# How to complete this task
Every line of the material needs an exact copy, apart from the images.

# The data

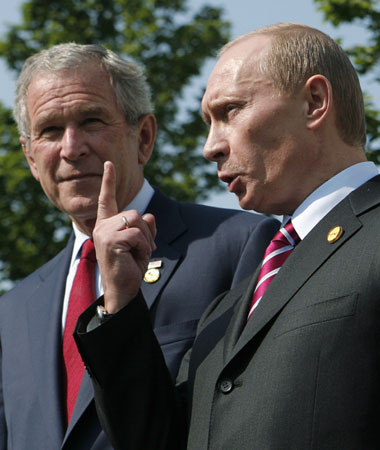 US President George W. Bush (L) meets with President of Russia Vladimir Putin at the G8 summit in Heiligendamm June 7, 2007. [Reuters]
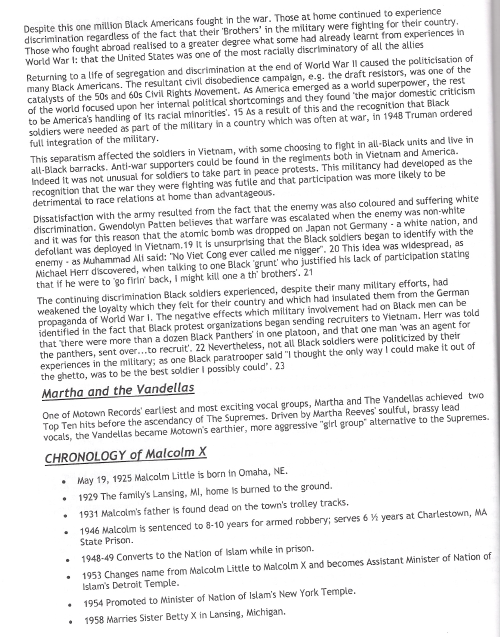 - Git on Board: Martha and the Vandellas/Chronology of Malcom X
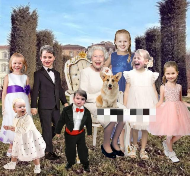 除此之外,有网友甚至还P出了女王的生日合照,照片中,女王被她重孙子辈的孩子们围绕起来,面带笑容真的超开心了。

# Solution
 US President George W. Bush (L) meets with President of Russia Vladimir Putin at the G8 summit in Heiligendamm June 7, 2007. [Reuters]
 - Git on Board: Martha and the Vandellas/Chronology of Malcom X
 除此之外,有网友甚至还P出了女王的生日合照,照片中,女王被她重孙子辈的孩子们围绕起来,面带笑容真的超开心了。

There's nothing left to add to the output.